Extracted material below:
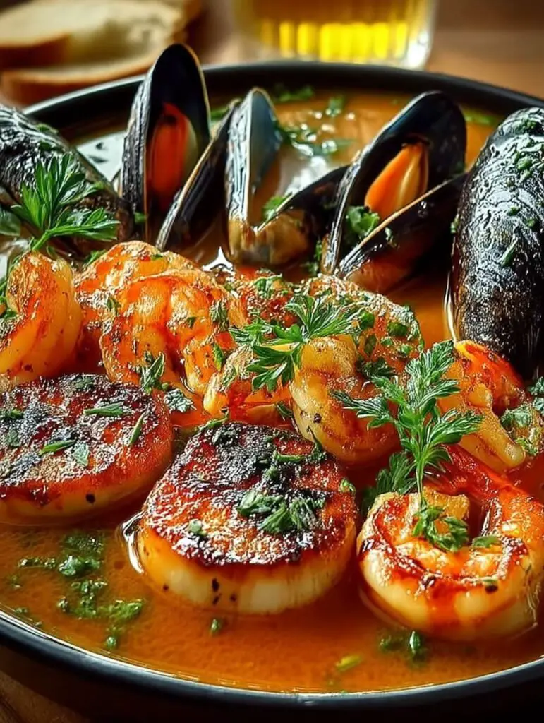 Ajoutez les filets de poisson blanc coupés en morceaux ainsi que les crevettes décortiquées et les moules. Laissez mijoter encore 5-7 minutes jusqu’à ce que tous les fruits de mer soient cuits.
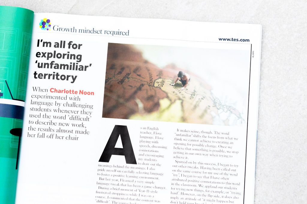 I was commissioned to write a piece based on my own experience of how minor language tweaks in the classroom have delivered big results in terms of growth mindset. Changing the word "difficult" to "unfamiliar", for example, can completely change a student's attitude to attempting a task and the word "try" speaks volumes in terms of the self-doubt a student may be feeling.
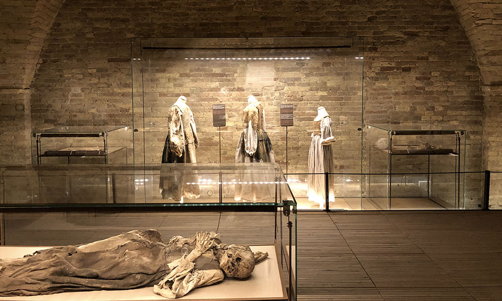 Nel 2003 durante lavori di restauro nella Cripta della Chiesa di Maria SS. Assunta sono stati portati alla luce oltre 20 corpi umani mummificati. IIn questi suggestivi spazi è stato allestito il Museo della Cripta – le Mummie di Monsampolo dove si possono osservare oltre ai corpi mummificati, gli abiti, i tessuti, i rosari, le medaglie, gli anelli e tutti gli oggetti rinvenuti durante lo scavo archeologico.
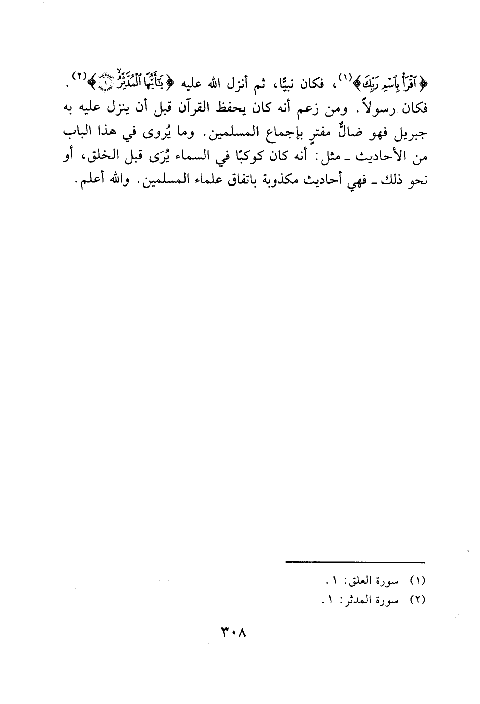 فكان رسولاً. ومن زعم أنه كان يحفظ القرآن قبل أن ينزل عليه به جبريل فهو ضالٌ مفترٍ بإجماع المسلمين. وما يُروى في هذا الباب من الأحاديث -مثل: أنه كان كوكبًا في السماء يُرَى قبل الخلق، أو نحو ذلك- فهي أحاديث مكذوبة باتفاق علماء المسلمين. والله أعلم.
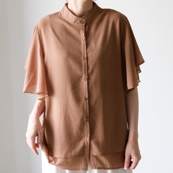 ふんわりとボリューム感のあるフリルが華やかなラッフルスリーブブラウス。 動くたびに袖のフリルが揺れ、ほんのり甘めの大人の抜け感を演出。バンドカラーで顔回りをスッキリ落ち着いた印象に。フェミニンから大人カジュアルまで幅広いコーデに活躍するアイテム。
End of Extracted material.
## Instructions for the task
If a record above holds a picture, leave the picture out and write out everything else exactly.

## Task response
 Ajoutez les filets de poisson blanc coupés en morceaux ainsi que les crevettes décortiquées et les moules. Laissez mijoter encore 5-7 minutes jusqu’à ce que tous les fruits de mer soient cuits.
 I was commissioned to write a piece based on my own experience of how minor language tweaks in the classroom have delivered big results in terms of growth mindset. Changing the word "difficult" to "unfamiliar", for example, can completely change a student's attitude to attempting a task and the word "try" speaks volumes in terms of the self-doubt a student may be feeling.
 Nel 2003 durante lavori di restauro nella Cripta della Chiesa di Maria SS. Assunta sono stati portati alla luce oltre 20 corpi umani mummificati. IIn questi suggestivi spazi è stato allestito il Museo della Cripta – le Mummie di Monsampolo dove si possono osservare oltre ai corpi mummificati, gli abiti, i tessuti, i rosari, le medaglie, gli anelli e tutti gli oggetti rinvenuti durante lo scavo archeologico.
 فكان رسولاً. ومن زعم أنه كان يحفظ القرآن قبل أن ينزل عليه به جبريل فهو ضالٌ مفترٍ بإجماع المسلمين. وما يُروى في هذا الباب من الأحاديث -مثل: أنه كان كوكبًا في السماء يُرَى قبل الخلق، أو نحو ذلك- فهي أحاديث مكذوبة باتفاق علماء المسلمين. والله أعلم.
 ふんわりとボリューム感のあるフリルが華やかなラッフルスリーブブラウス。 動くたびに袖のフリルが揺れ、ほんのり甘めの大人の抜け感を演出。バンドカラーで顔回りをスッキリ落ち着いた印象に。フェミニンから大人カジュアルまで幅広いコーデに活躍するアイテム。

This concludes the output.